(Work to complete): The lines to return are those from the line holding "Now, as we cross" through the last line of the entries below, both included, written exactly and without pictures.

[Recorded data]
----------------

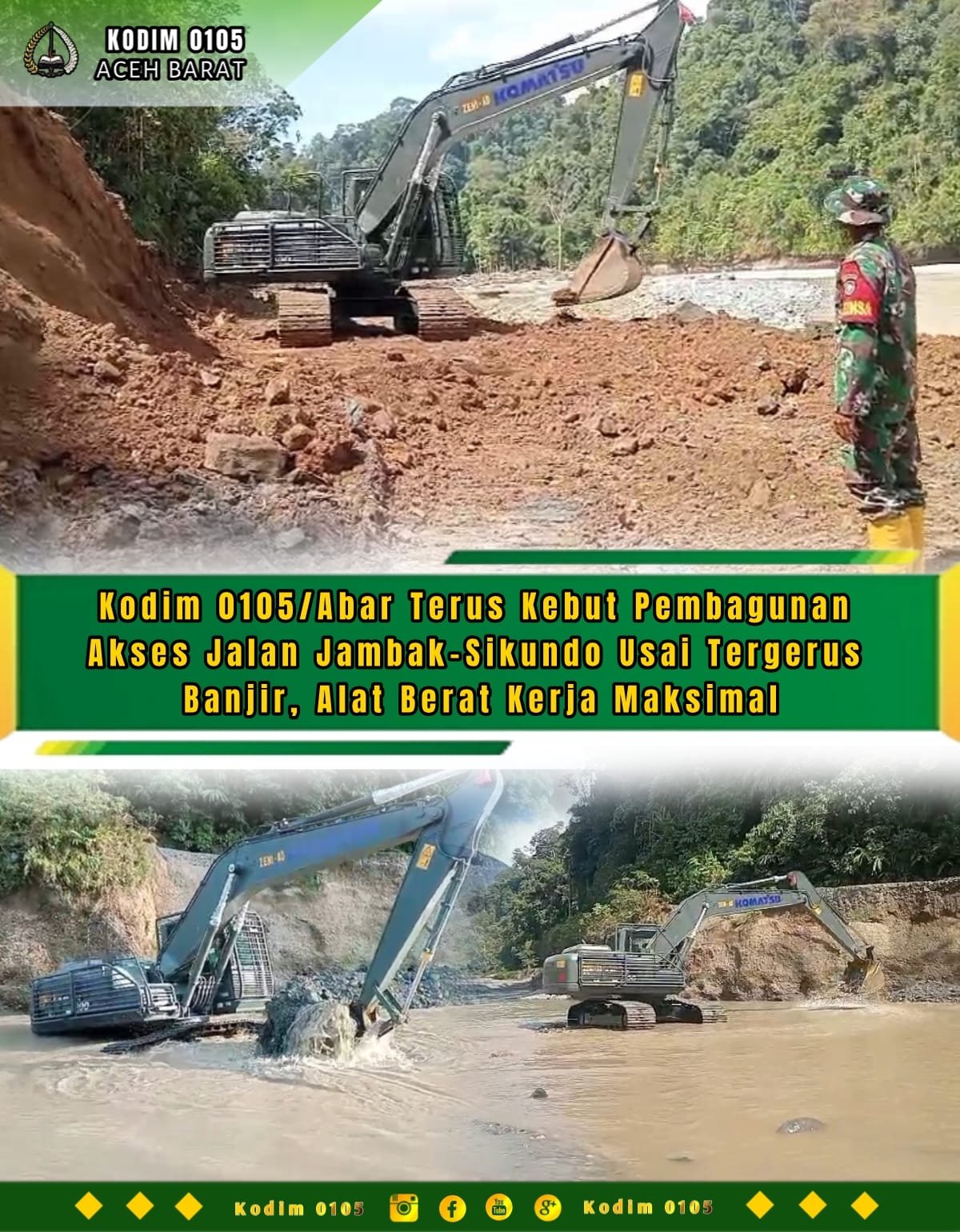 Pengerahan personel dan penerjunan alat berat ini merupakan respons cepat Dandim 0105/Abar Letkol Inf S. Kembaren, S.E., M.I.P., CFrA., sebagai upaya tindakan tanggap darurat bencana alam yang tidak hanya mengganggu aktivitas sosial masyarakat, namun juga menghambat perputaran roda perekonomian dan mobilitas sektor pertanian.
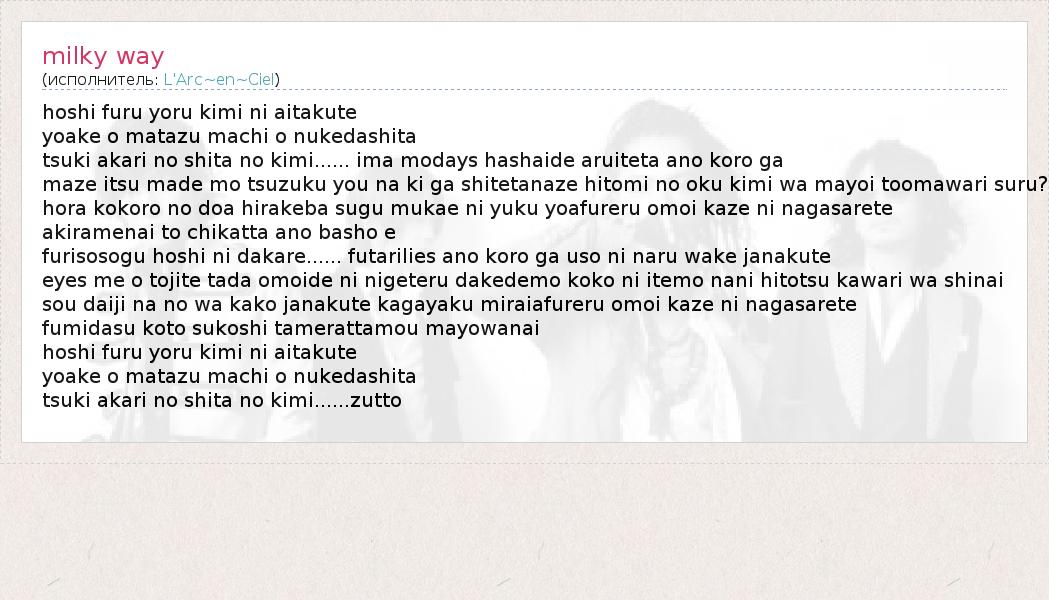 Это интересно:L'Arc~en~Ciel (ラルク アン シエル), L'Arc или Laruku (ラルク?) — популярная японская рок-группа, сформированная в 1991 году. Группа продала более 13 миллионов копий альбомов, 16 миллионов копий синглов, а также миллионы других сборников, например с видеоклипами.«L'Arc-en-Ciel» в переводе с французского означает «радуга». Первоначально в составе группы были Hyde (вокал), Hiro (гитара), Tetsu (бас-гитара), и Pero... продолжение
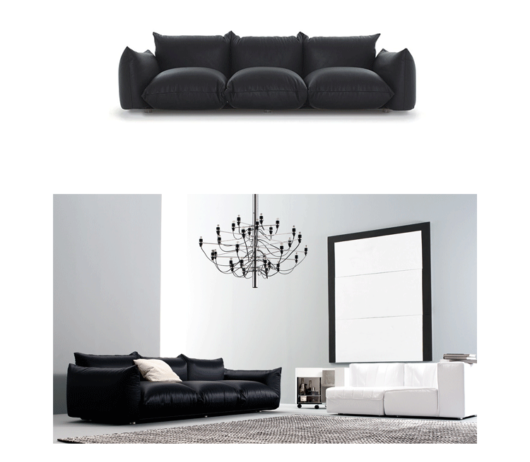 "marenco sofa系列沙发由设计师Mario Marenco在1971年所推出,Arflex公司出品,有单座,双座,三座,和五座组合形式。这款经典的沙发线条经典,舒适度饱满,成为摩登家居用品经典作之一。外型以简约细腻的北欧设计为方向,轻盈的金属脚架与薄型扶手,在厚薄粗细之间,视觉比例的层迭丰富,融合义式沙发中柔软舒适的元素,靠垫内衬高密度泡棉,兼具支撑性与松软度。这套沙发采用革命性的方式组合,垫子及扶手都是独立的部分。枕头是挤压钢管的金属框架,提供了刚性和耐用性。胶合板基地加上纤维覆盖。制作采用防霉实木内框架、进口羊毛绒布、内部填充高密度沙发棉,保证了高品质的奢华与舒适。
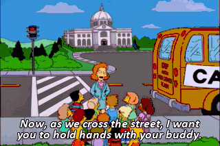 Now, as we cross the street, I want you to hold hands with your buddy. Hey, dude, who’s your girlfriend? Did you see his face'?
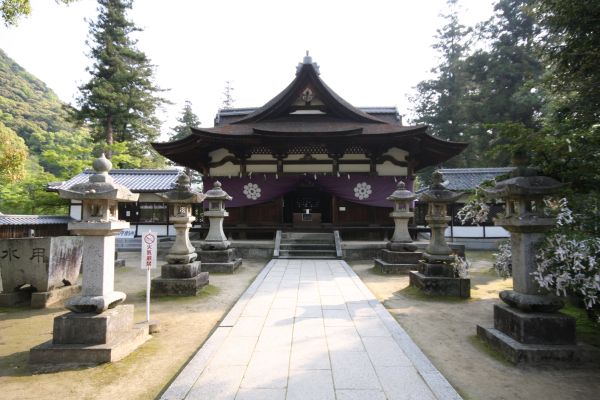 神門は、小型の四脚門で冠木中央に古川家家紋があり、拝殿は、入母屋造妻入りで背面に幣殿が張り出し、本殿は三間社流造で正面に軒唐破風、千鳥破風が付されています。

----------------

(Response box):
 Now, as we cross the street, I want you to hold hands with your buddy. Hey, dude, who’s your girlfriend? Did you see his face'?
 神門は、小型の四脚門で冠木中央に古川家家紋があり、拝殿は、入母屋造妻入りで背面に幣殿が張り出し、本殿は三間社流造で正面に軒唐破風、千鳥破風が付されています。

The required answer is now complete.